# Opal Froot pic's!!



## frags (Feb 5, 2009)

Here she is!!!!!





































She is a BIG girl and such a sweet personality :001_tt1:


----------



## umber (Feb 15, 2009)

Wow Frags she really is stunning! Such a beauty im stunned out how beautiful she is I want her!

x


----------



## AmyCruick (Jul 20, 2009)

Wow frags she is amazingly beautiful!

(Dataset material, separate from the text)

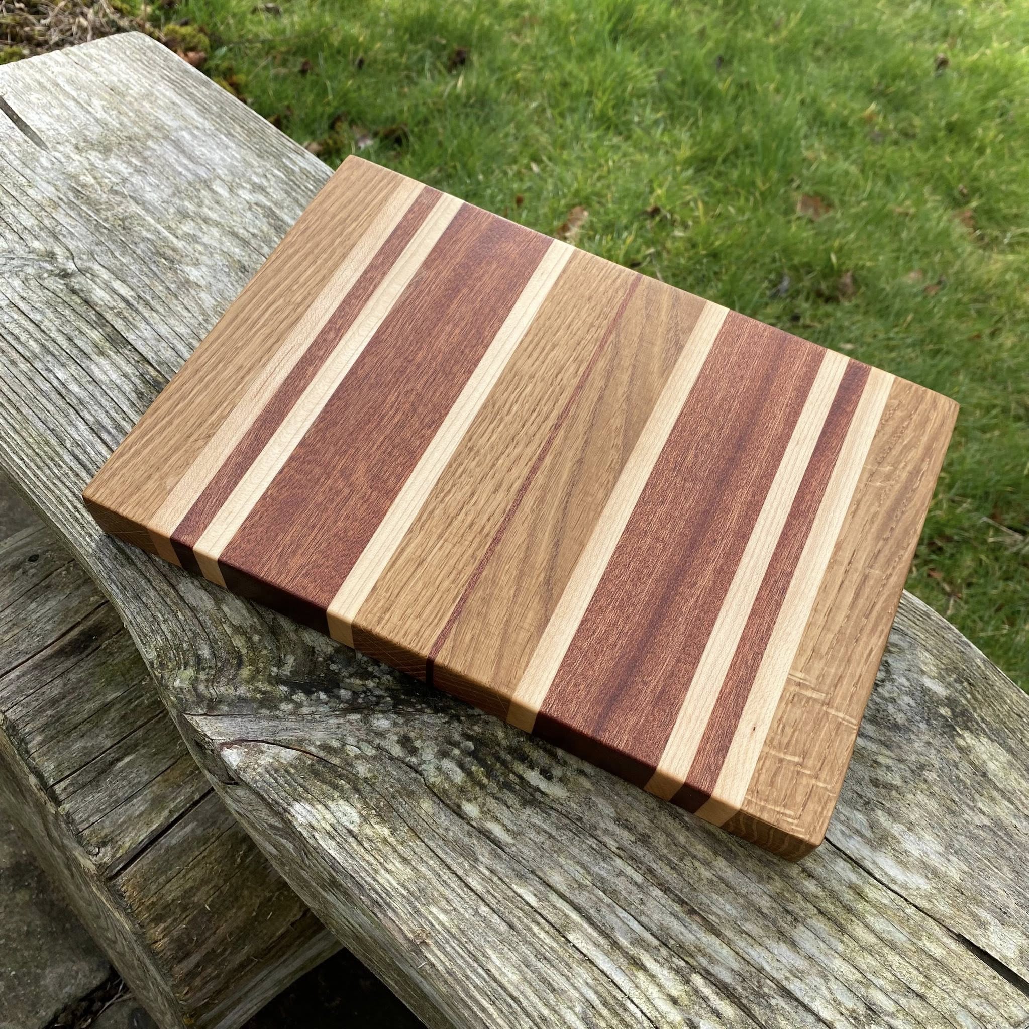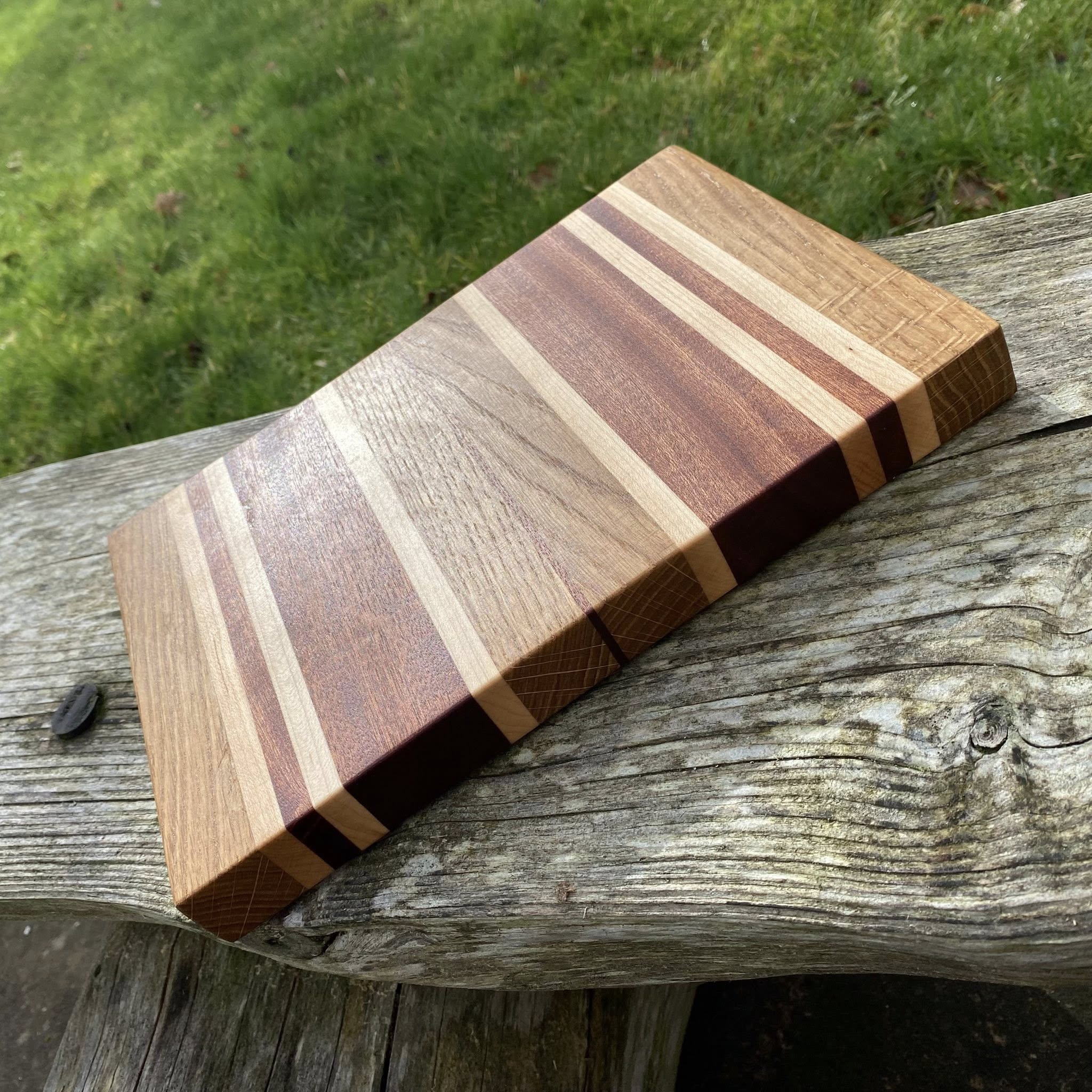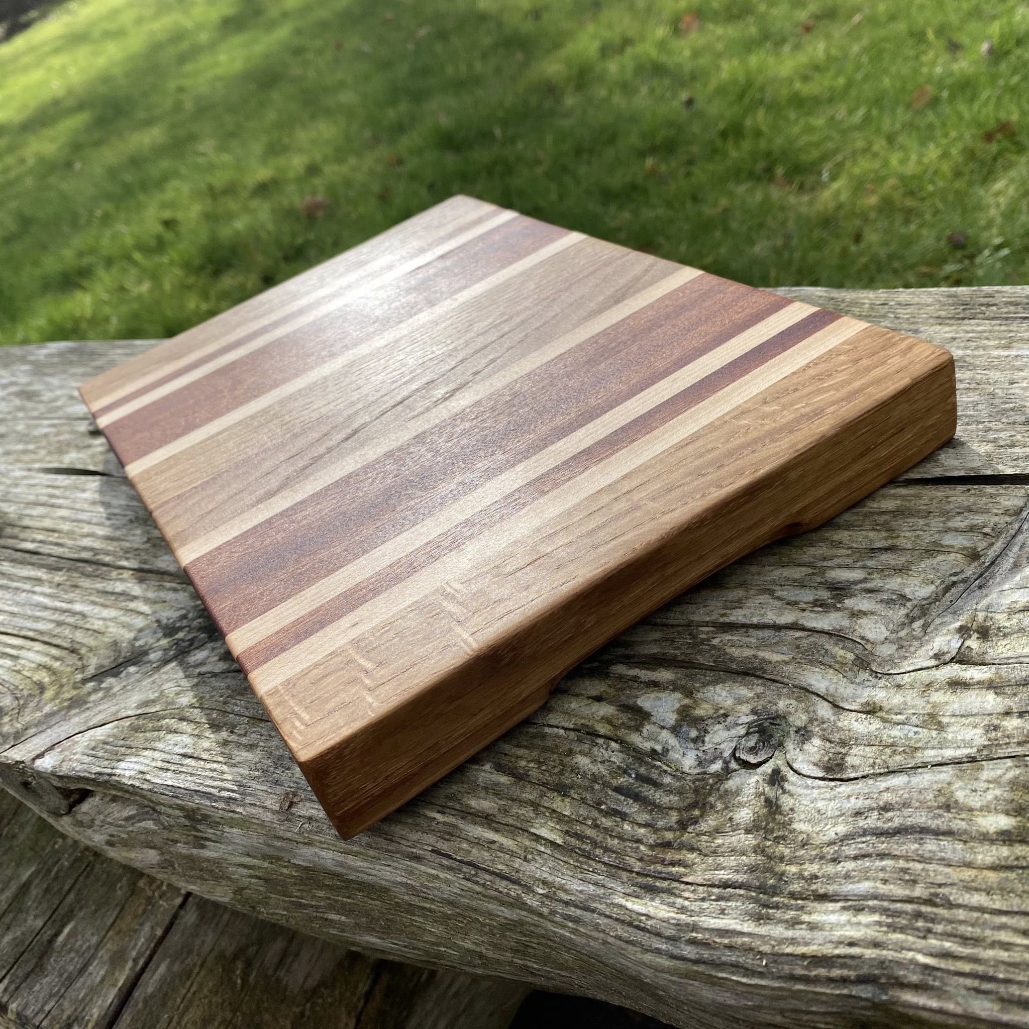 This handcrafted cutting board is made from a beautiful combination of Maple, Sapele and White Oak, carefully selected for both durability and natural character.

I want her too!


----------



## big_bear (Oct 5, 2009)

shes a beautiful girl


----------



## Andyt4 (Jun 7, 2009)

little cutie


----------



## umber (Feb 15, 2009)

and I forgot to add she does look like she been well taken care of doesnt she!


----------



## spudsmummy (May 1, 2009)

WOW she is stunning!! how old is she? she looks huge!!!


----------



## emzybabe (Jun 30, 2009)

I cant believe all the colours in her coat shes amazing! shes turned into a real stunner


----------



## frags (Feb 5, 2009)

Thanks all, i am really pleased on how she has come along.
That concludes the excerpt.